Leave out the images and return all the data word for word.
[[ Given data, beginning ]]
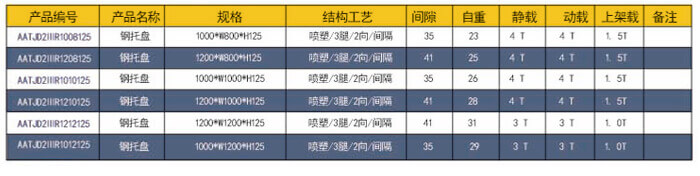 四向三腿——方管面板 技术参数说明: 产品编号: AACJD4ⅢC1212150 产品名称:方管铺面川字钢托盘 产品规格: 1200*1200*150 产品自重: 29kg 防锈工艺: 静电沙纹喷塑 产品静载: 2000KG(均匀载重) 产品动载: 1.500KG(均匀载重) 产品上架: 1200KG(均匀载重) 主要用途: 仓库、车间周转、物流仓储
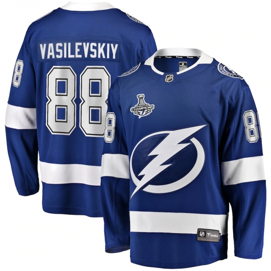 Youth Tampa Bay Lightning #88 Andrei Vasilevskiy Fanatics Branded Blue Home 2020 Stanley Cup Champions Breakaway Jersey
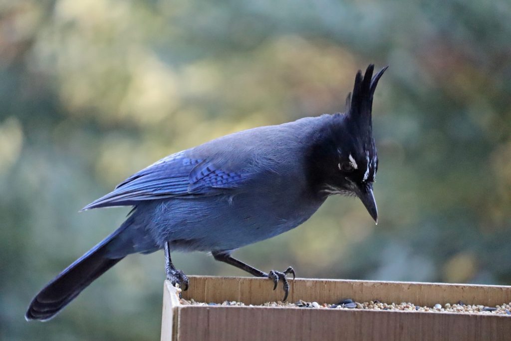 All About Birds describes Steller’s jays as blue-and-black songbirds that have a “prominent triangular crest” on their head.
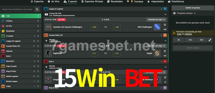 O 15Win Bet oferece uma grande seleção de opções de apostas em e-sports com probabilidades competitivas
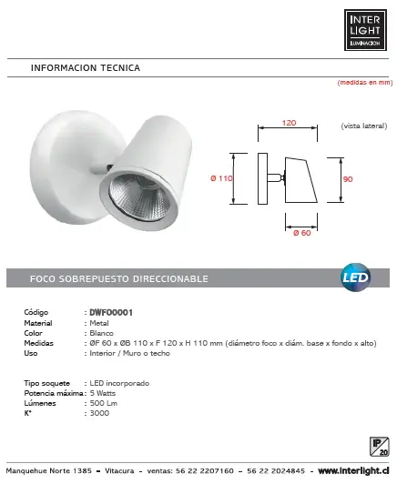 | MEDIDAS: | ØF 60 x F 120 x H 110 mm (diámetro foco x fondo x alto) |
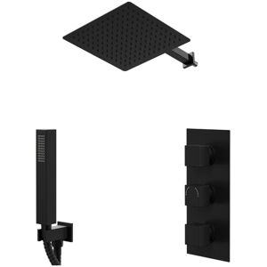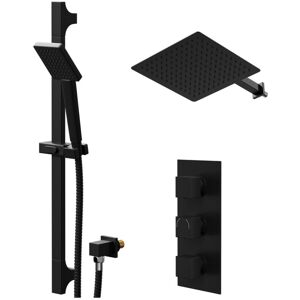 Model Number: WDB12023 Our Colore Square Matt Black Concealed Square Triple Thermostatic Shower Valve makes a real style statement and delivers durability and affordability. Under the sleek surface the solid brass body gives you total control over both an overhead shower rose and a slide rail kit. Chic and contemporary with a gorgeous matte black finish and square design this shower valve will compliment any classic or modern bathroom. The WRAS approved materials and thermostatic feature offer complete peace of mind and assure a safe and satisfying showering experience. Use the centre control to set your perfect temperature and the top and bottom dials to adjust the water flow to their respective outlets and shower accessories. Key features Thermostatic technology Stylish matte black finish Concealed brass valve 100mm depth required for installation
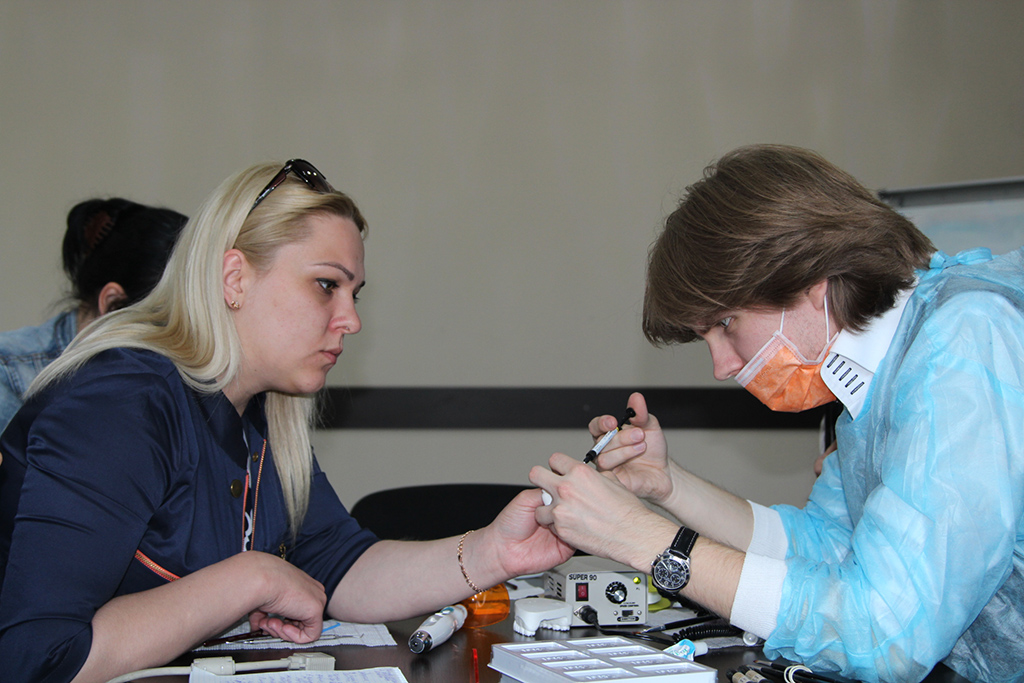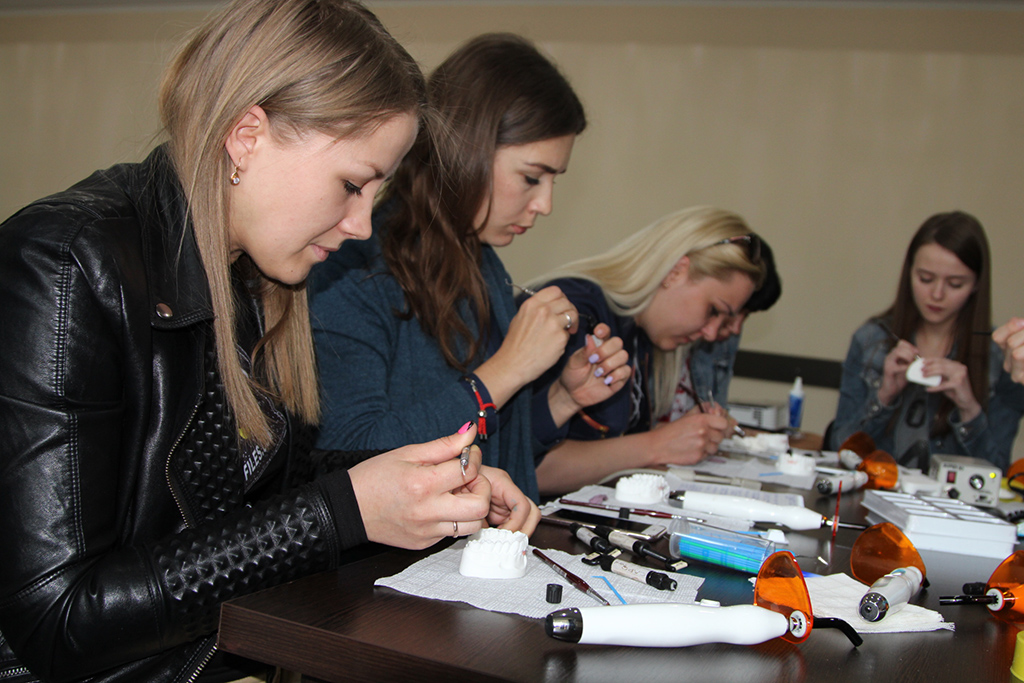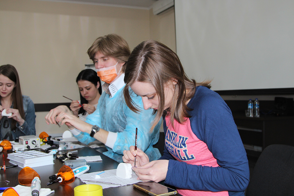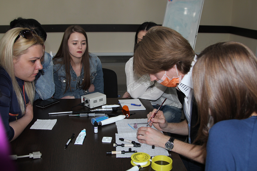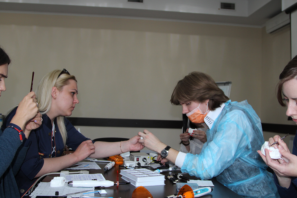 Теория была закреплена практическими занятиями. Дмитрий Петрович сначала личным примером продемонстрировал разные техники пломбирования, затем под чутким руководством лектора каждый участник закрепил свои навыки.
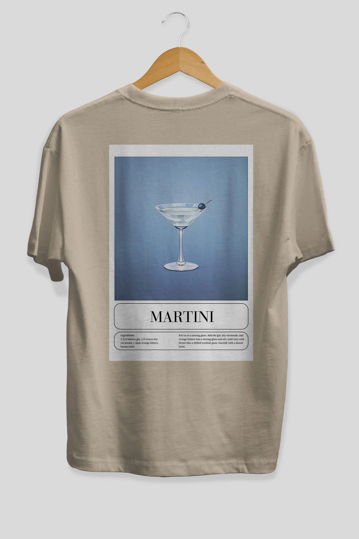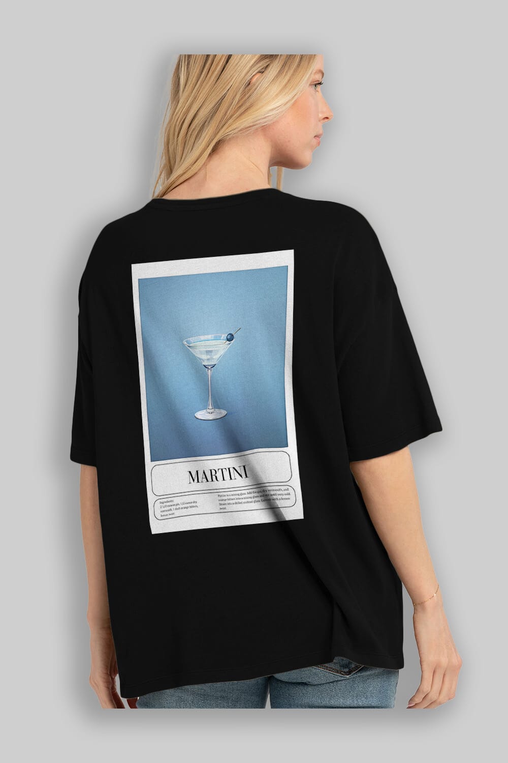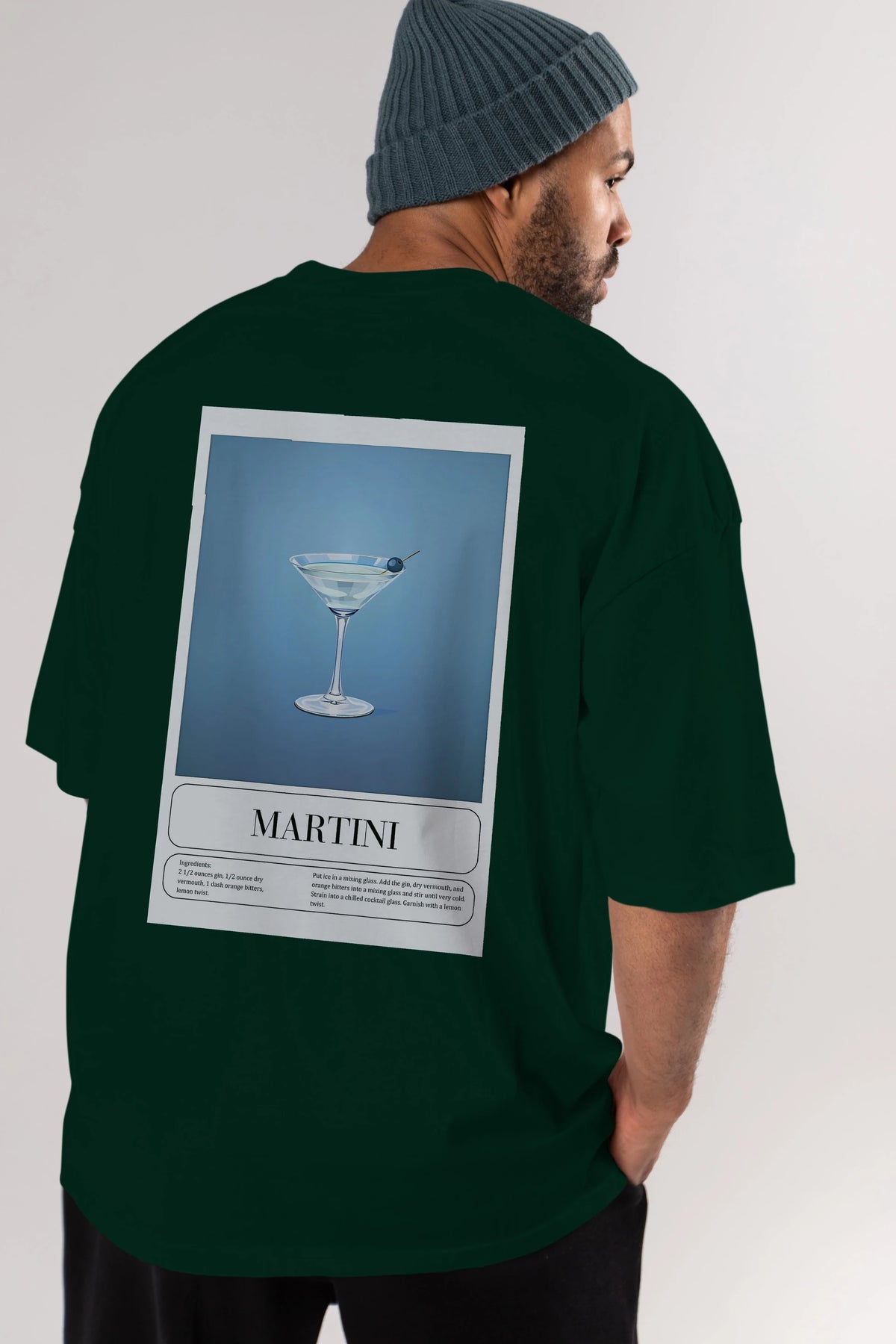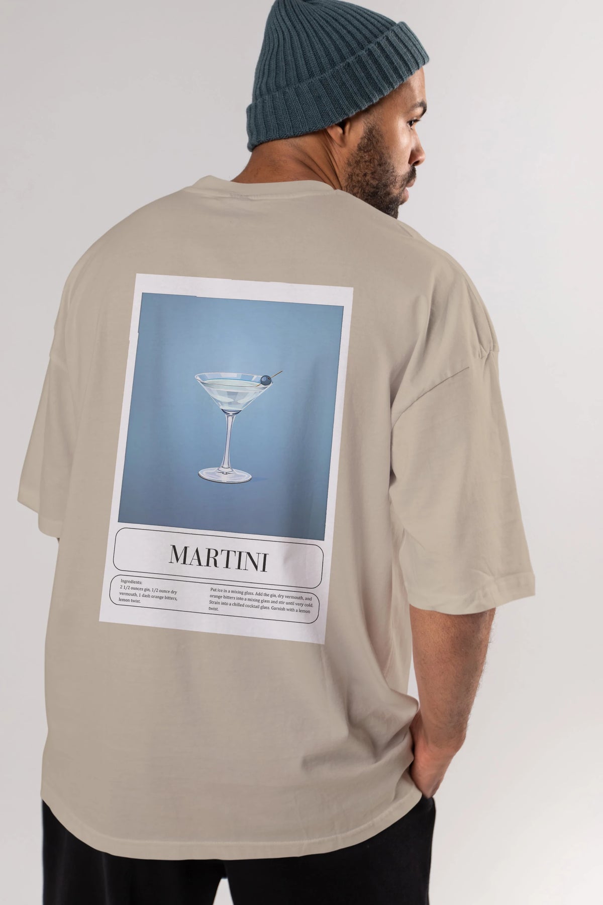 Martini Arka Baskılı Oversize t-shirt Erkek Kadın Unisex %100 Pamuk Bisiklet Yaka tişort
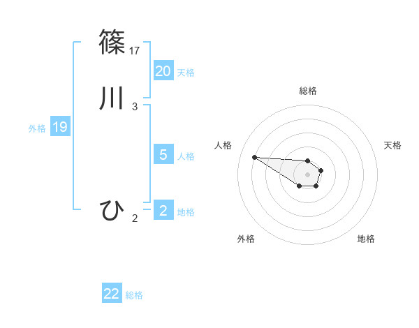 篠川 ひさんの総格は22画の1点!
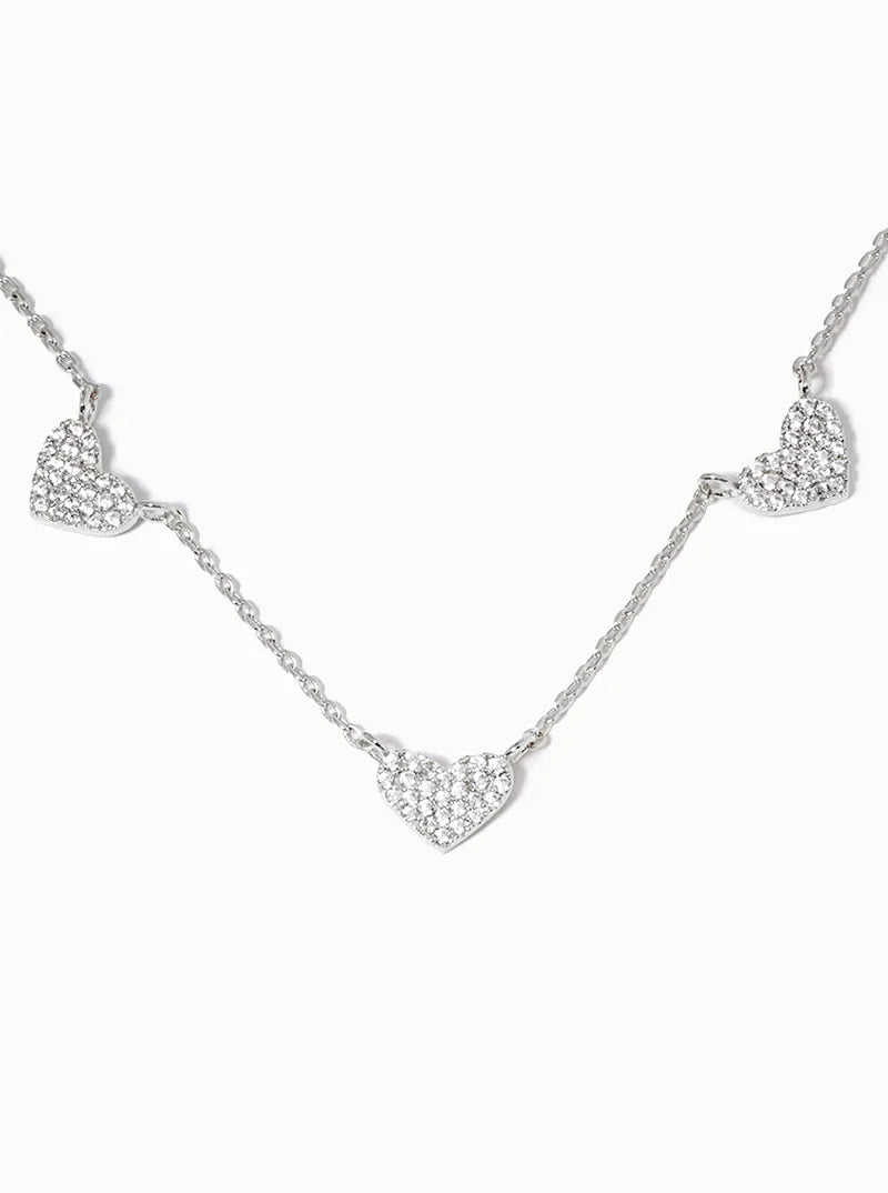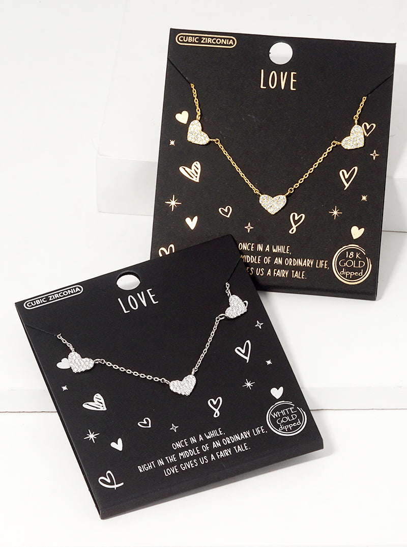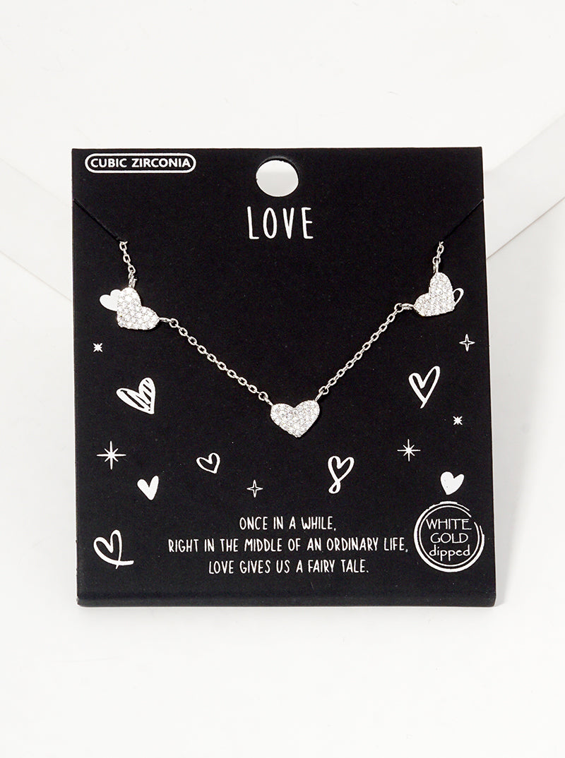 White Gold Dipped CZ Pave Dainty Three Hearts Pendant Necklace
[[ Given data, end ]]
§ Problem solution:
 四向三腿——方管面板 技术参数说明: 产品编号: AACJD4ⅢC1212150 产品名称:方管铺面川字钢托盘 产品规格: 1200*1200*150 产品自重: 29kg 防锈工艺: 静电沙纹喷塑 产品静载: 2000KG(均匀载重) 产品动载: 1.500KG(均匀载重) 产品上架: 1200KG(均匀载重) 主要用途: 仓库、车间周转、物流仓储
 Youth Tampa Bay Lightning #88 Andrei Vasilevskiy Fanatics Branded Blue Home 2020 Stanley Cup Champions Breakaway Jersey
 All About Birds describes Steller’s jays as blue-and-black songbirds that have a “prominent triangular crest” on their head.
 O 15Win Bet oferece uma grande seleção de opções de apostas em e-sports com probabilidades competitivas
 | MEDIDAS: | ØF 60 x F 120 x H 110 mm (diámetro foco x fondo x alto) |
 Model Number: WDB12023 Our Colore Square Matt Black Concealed Square Triple Thermostatic Shower Valve makes a real style statement and delivers durability and affordability. Under the sleek surface the solid brass body gives you total control over both an overhead shower rose and a slide rail kit. Chic and contemporary with a gorgeous matte black finish and square design this shower valve will compliment any classic or modern bathroom. The WRAS approved materials and thermostatic feature offer complete peace of mind and assure a safe and satisfying showering experience. Use the centre control to set your perfect temperature and the top and bottom dials to adjust the water flow to their respective outlets and shower accessories. Key features Thermostatic technology Stylish matte black finish Concealed brass valve 100mm depth required for installation
 Теория была закреплена практическими занятиями. Дмитрий Петрович сначала личным примером продемонстрировал разные техники пломбирования, затем под чутким руководством лектора каждый участник закрепил свои навыки.
 Martini Arka Baskılı Oversize t-shirt Erkek Kadın Unisex %100 Pamuk Bisiklet Yaka tişort
 篠川 ひさんの総格は22画の1点!
 White Gold Dipped CZ Pave Dainty Three Hearts Pendant Necklace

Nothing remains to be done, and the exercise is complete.